### Brief
Please give back each entry below unaltered, leaving the pictures out.

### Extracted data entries
= Beginning of Section =
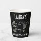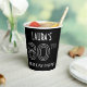 This stylish 1920s-1930s era inspired art deco style birthday themed paper cup design has a personalized name, plus the message “80TH BIRTHDAY PARTY!”. The number “80TH” has a fancy geometric lined look. Luxurious paper cups like this might be fun to use at a birthday party in honor of somebody’s eightieth birthday, or some other 80th event. [~Z0000658]
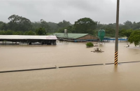 白河區(qū)虎山里白水溪從昨晚暴漲溢堤,溪水灌進(jìn)附近一處禽場,水淹將近一層樓高,溪水目前仍持續(xù)暴漲。
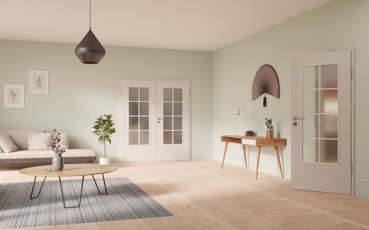 Światło z sąsiedniego pomieszczenia rozjaśnia nawet ciemne korytarze dzięki dużym przeszkleniom . Eleganckie ramy z szprosami wzbogacają harmonijny wygląd. Jasny dekor HPL Jasnoszary wyróżnia się subtelną fakturą papieru czerpanego, która nadaje mu atrakcyjny i uniwersalny wygląd. Ponadto odporna na zarysowania i uderzenia płyta laminowana jest łatwa w czyszczeniu.
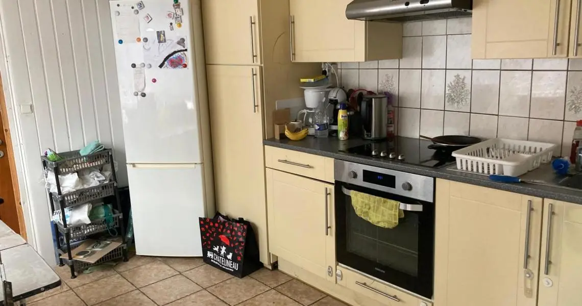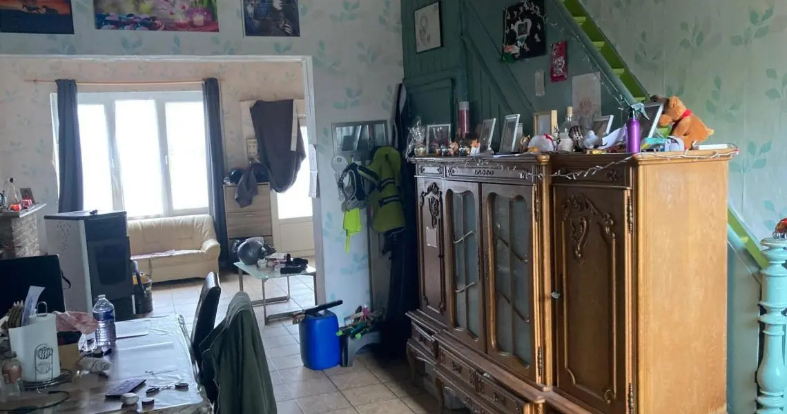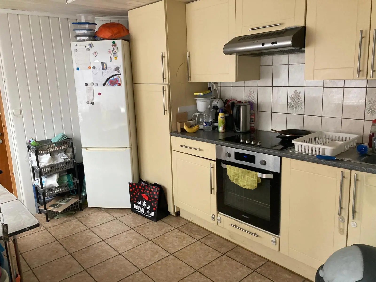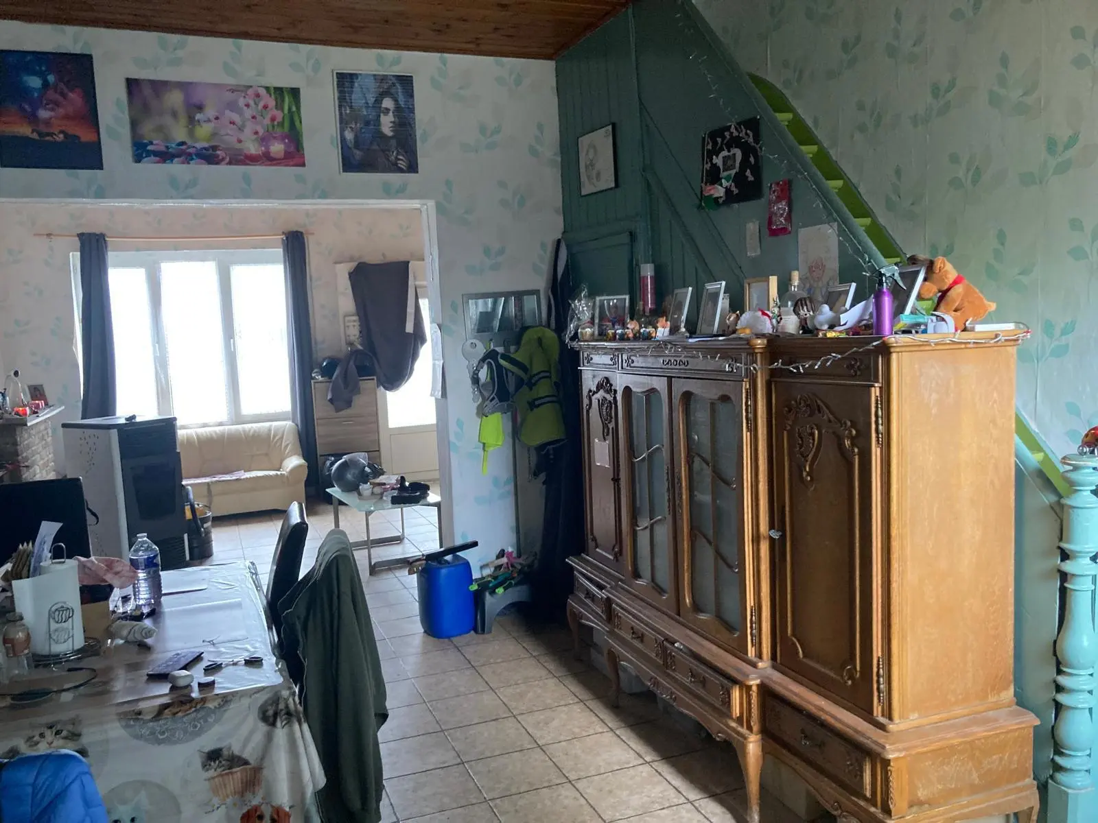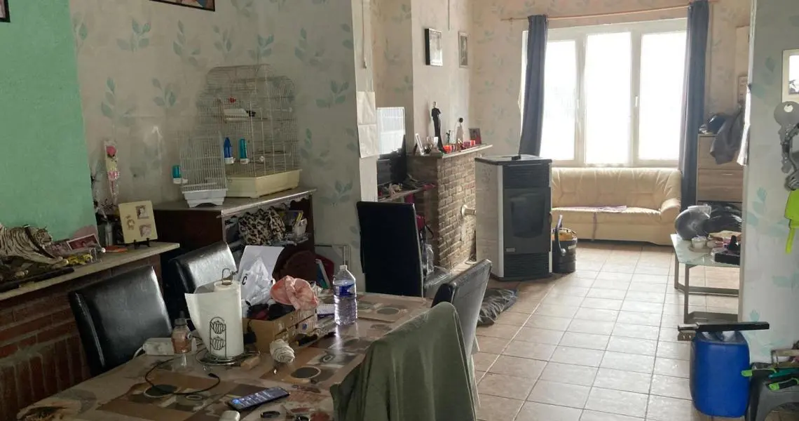 MAISON DEUX CHAMBRES AVEC COUR Rez-de-chaussée : Living avec poêle à pellet Cuisine meublée et équipée; sortie sur cour avec passage latéral Salle de bains avec lavabo, baignoire et wc; coin buanderie Etage : Deux chambres Equipement: Eau, égouts, électricité, chauffage poêle au pellet Libre : à convenir Superficie habitable : 125 m² (selon PEB) Revenu cadastral : < 745 Euros
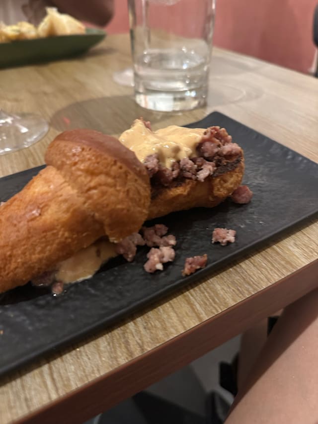 9/10+3I recently had the pleasure of dining at N'express, a hidden gem in the city that serves up traditional Neapolitan cuisine with a modern twist. And, thanks to the wonderful 2000 Yums discount code, I was able to enjoy a fantastic meal without breaking the bank. From the moment we walked in, the cozy atmosphere and friendly staff made us feel welcome. The menu was a delight to explore, with dishes that paid homage to the classic Neapolitan flavors while also showcasing creative modern touches. Service was top-notch, with attentive and knowledgeable staff happy to answer questions and make recommendations. The prices were reasonable, especially considering the generous portion sizes and high-quality ingredients used. We chose three appetizers pork tacos, cabbage with tomatoes and panko fried chicken strips. The chicken strips and baba were perfect. The pork tacos were a little too salty for us. For main courses we tried the pork belly with cauliflower and the ravioli. The pork gets a 5 out of 5 stars. The ravioli gets a 3.8 out of five because the tomatoes sauce tasted a little burn to . For dessert we got the pear and ricotta chesse it was a new flavor for our mouths and we both liked it. One thing to note is that parking can be a challenge, so I would recommend using a scooter or taking the metro to the University station. If you're planning to drive, be prepared to circle around for a bit before finding a spot. Overall, I would highly recommend N'express to anyone looking for a delicious and authentic Neapolitan dining experience. With its creative twists on classic dishes and welcoming atmosphere, it's a must-visit for foodies and those looking for a unique dining experience. Don't forget to take advantage of that discount code – 2000 Yums will get you a great deal!
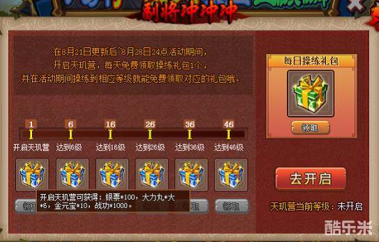 每日均可免费领取1个操练礼包(内含:天玑符*15)。
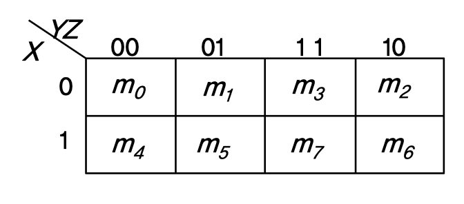 3개의 변수의 경우 다음과 같이 카르노 도표를 그린다.
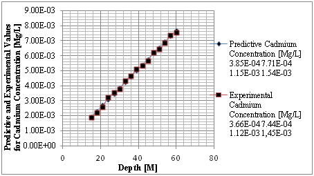 Figure 1 Predictive and experimental values for cadmium concentration at different depth.
= End of Section =
### Final answer
 This stylish 1920s-1930s era inspired art deco style birthday themed paper cup design has a personalized name, plus the message “80TH BIRTHDAY PARTY!”. The number “80TH” has a fancy geometric lined look. Luxurious paper cups like this might be fun to use at a birthday party in honor of somebody’s eightieth birthday, or some other 80th event. [~Z0000658]
 白河區(qū)虎山里白水溪從昨晚暴漲溢堤,溪水灌進(jìn)附近一處禽場,水淹將近一層樓高,溪水目前仍持續(xù)暴漲。
 Światło z sąsiedniego pomieszczenia rozjaśnia nawet ciemne korytarze dzięki dużym przeszkleniom . Eleganckie ramy z szprosami wzbogacają harmonijny wygląd. Jasny dekor HPL Jasnoszary wyróżnia się subtelną fakturą papieru czerpanego, która nadaje mu atrakcyjny i uniwersalny wygląd. Ponadto odporna na zarysowania i uderzenia płyta laminowana jest łatwa w czyszczeniu.
 MAISON DEUX CHAMBRES AVEC COUR Rez-de-chaussée : Living avec poêle à pellet Cuisine meublée et équipée; sortie sur cour avec passage latéral Salle de bains avec lavabo, baignoire et wc; coin buanderie Etage : Deux chambres Equipement: Eau, égouts, électricité, chauffage poêle au pellet Libre : à convenir Superficie habitable : 125 m² (selon PEB) Revenu cadastral : < 745 Euros
 9/10+3I recently had the pleasure of dining at N'express, a hidden gem in the city that serves up traditional Neapolitan cuisine with a modern twist. And, thanks to the wonderful 2000 Yums discount code, I was able to enjoy a fantastic meal without breaking the bank. From the moment we walked in, the cozy atmosphere and friendly staff made us feel welcome. The menu was a delight to explore, with dishes that paid homage to the classic Neapolitan flavors while also showcasing creative modern touches. Service was top-notch, with attentive and knowledgeable staff happy to answer questions and make recommendations. The prices were reasonable, especially considering the generous portion sizes and high-quality ingredients used. We chose three appetizers pork tacos, cabbage with tomatoes and panko fried chicken strips. The chicken strips and baba were perfect. The pork tacos were a little too salty for us. For main courses we tried the pork belly with cauliflower and the ravioli. The pork gets a 5 out of 5 stars. The ravioli gets a 3.8 out of five because the tomatoes sauce tasted a little burn to . For dessert we got the pear and ricotta chesse it was a new flavor for our mouths and we both liked it. One thing to note is that parking can be a challenge, so I would recommend using a scooter or taking the metro to the University station. If you're planning to drive, be prepared to circle around for a bit before finding a spot. Overall, I would highly recommend N'express to anyone looking for a delicious and authentic Neapolitan dining experience. With its creative twists on classic dishes and welcoming atmosphere, it's a must-visit for foodies and those looking for a unique dining experience. Don't forget to take advantage of that discount code – 2000 Yums will get you a great deal!
 每日均可免费领取1个操练礼包(内含:天玑符*15)。
 3개의 변수의 경우 다음과 같이 카르노 도표를 그린다.
 Figure 1 Predictive and experimental values for cadmium concentration at different depth.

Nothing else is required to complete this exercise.